BIL, my husbands brother is also Chinese and his wife is African American, they have a DS(10)

Today was the first day of a football play/training scheme for the boys.

Both were very excited and had an okay time but they didn't like one of the coaches, I wasn't there, so I can only judge from what they've said.

All the kids were split into groups and were assigned a coach and then they rotated throughout the day, DS and DNephew were not in the same group but both complained about the same coach.

He was making comments to all the kids and some of what he said, made the boys really uncomfortable, it was to me, racist.

To DNephew: "Your people can kick harder then that"
When he was putting on sun cream "hurry up, you don't need all that"

To DS: "Are you sure you wouldn't be better in goal, easier to see if you're not running" DS has monolid eyes.

That's all they can remember but they say he said more.

I don't want DS going back tomorrow, DS wants to go and DH thinks I'm overreacting and that we should let him.

WIBU to complain about this coach & ask for DS not to be assigned to him?

WorraLiberty Sun 31-Jul-16 00:31:35

I would complain or at least put him on the spot and ask for an explanation.

Apart from the sun cream comment.

Maybe he was putting too much on and taking too much time?

Birdsgottafly Sun 31-Jul-16 01:01:09

I agree, go and ask for an explanation.

SpecialAgentFreyPie Sun 31-Jul-16 05:20:47

angry You are sooo NBU! My DH is of African descent and I'm white British.

Once someone actually said 'you're so fair, it's a shame your DC are as black as DH'

The temptation to throttle her was very strong.

DON'T let your DH minimise this.
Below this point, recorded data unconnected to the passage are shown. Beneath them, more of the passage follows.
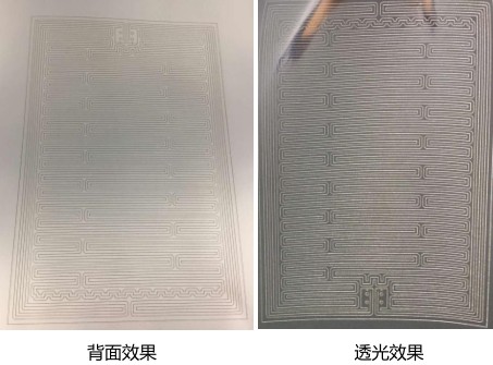 使用大場鏡,可以一次性在材料上布線。由于用單線條去除鋁層,對激光能量要求高,使用60W-LM1激光器可以快速一次性成型。
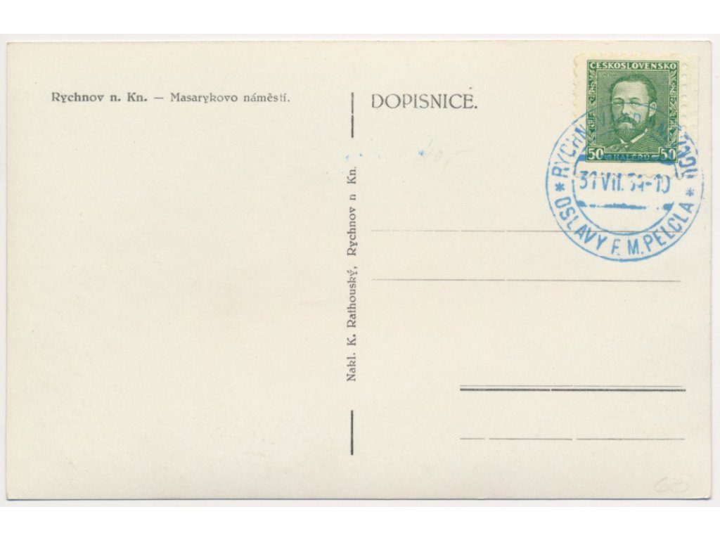 57 - Rychnov nad Kněžnou, pohled na oživené Masarykovo náměstí, 1934
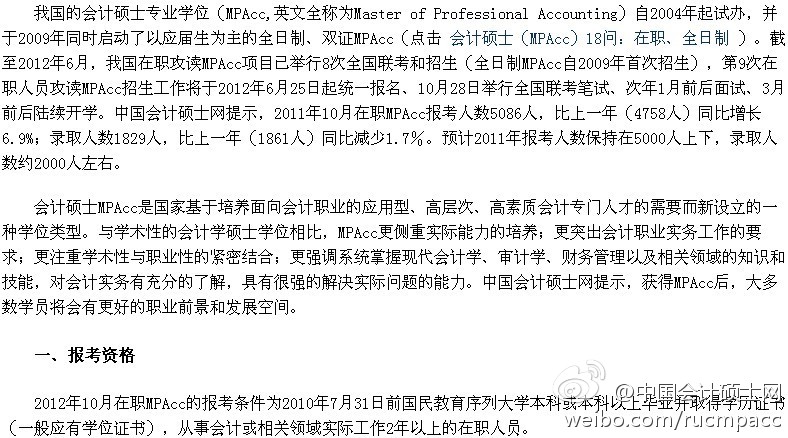入门必读:2012年 在职、单证 MPAcc 报考指南
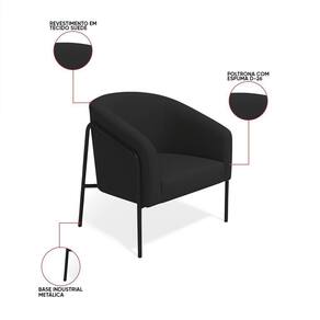 Poltrona Sala Industrial Alta Preto Stella Suede Preto D03 - D'rossi A Poltrona Stella com base industrial alta preto e revestimento em suede preto une conforto e resistência em um único móvel. Seu design moderno apresenta linhas curvas elegantes no encosto e braços integrados, transmitindo aconchego e refinamento. A base metálica alta, feita em tubos arredondados resistentes à oxidação, contorna lateralmente a peça, criando um visual leve e robusto. A estrutura em madeira de eucalipto garante durabilidade, enquanto o estofamento em espuma D-26 de alta densidade proporciona maciez e suporte ergonômico. O aço carbono com pintura eletrostática da base assegura estabilidade e acabamento duradouro. Suportando até 120 kg, a Poltrona Stella é ideal para salas de estar, recepções ou cantos de leitura, agregando bem-estar ao ambiente. Versátil, combina com diferentes estilos, do industrial ao minimalista sofisticado. A Poltrona Stella vem para ser a protagonista da sua decoração, unindo sofisticação e exclusividade. Dimensões do Produto: Altura Total: 80 cm Largura Total: 73 cm Profundidade Total: 67 cm Peso: 21 kg Outras Medidas: Altura do Encosto: 40 cm Largura do Assento: 45 cm Profundidade do Assento: 45 cm Altura do chão ao Assento: 45 cm Espessura do Assento: 15 cm Espessura do Braço: 7 cm Altura do chão ao Braço: 70 cm Altura Interna do Braço: 28 cm Especificações do Produto: Estrutura: Madeira de Eucalipto Material do Estofamento: Espuma D-26 (alta densidade) Revestimento: SuedePeso Máximo Suportado: Até 120 Kg Tipo de Pés: Base Industrial Material/Acabamento da Base: Aço Carbono com Pintura eletrostática Inclui Almofada Extra: Não Tipo de Encosto: Fixo Tipo de Assento: Fixo Com Apoio de Pés: Não Com Altura Ajustável: Não É Reclinável: Não É Giratória: Não Diferenciais: Design moderno com linhas curvas; Detalhe lateral em tubo metálico redondo resistente à oxidação. Complexidade da Montagem: Baixa Montagem: O produto vai montado, apenas parafusar a base na poltrona Garantia: 90 dias contra de fabricação Instruções de Limpeza: Utilizar um pano limpo e levemente úmido Quantidade de Volumes: 1 Caixa Medida das Embalagens: Caixa : 72 cm x 66 cm x 57 cm : É feita somente até o térreo ou portaria. Confira sempre as medidas das embalagens para assegurar que o produto passe por portas e escadas do .

Children pick these things up, that's why they told you about it, because it hurt them.

CoolCarrie Sun 31-Jul-16 05:27:12

YANBU at all! Clearly this so called coach is a complete dick! You go with them tomorrow & ask to speak to him, see what his reaction is. What a stupid man he is! 😠

VioletBam Sun 31-Jul-16 07:11:56

I would also have to speak personally to this nasty man. DEFINITELY complain officially.

LunaMoony Sun 31-Jul-16 07:44:36

I'm glad you all agree with me, DH dealt with a lot of racism growing up, so unless it's blatant or really nasty, he just shrugs it off, which can be so frustrating.

I don't want DS growing up thinking it's okay to be treated like this, no matter how sly or subtle the comments.

I'm certainly going to have a word with him, ask for an explanation and then officially complain.

Worra, I can see how the sun cream comment could have been directed at any kid, it was just that after all his other comments it didn't sound so innocent.

SpecialAgent, the things that people say that they think is perfectly acceptable can be downright shocking at times.

LyndaNotLinda Sun 31-Jul-16 07:46:42

I can quite see how the suncream comment was racist.

I would complain and ask for the guy to be removed from camp.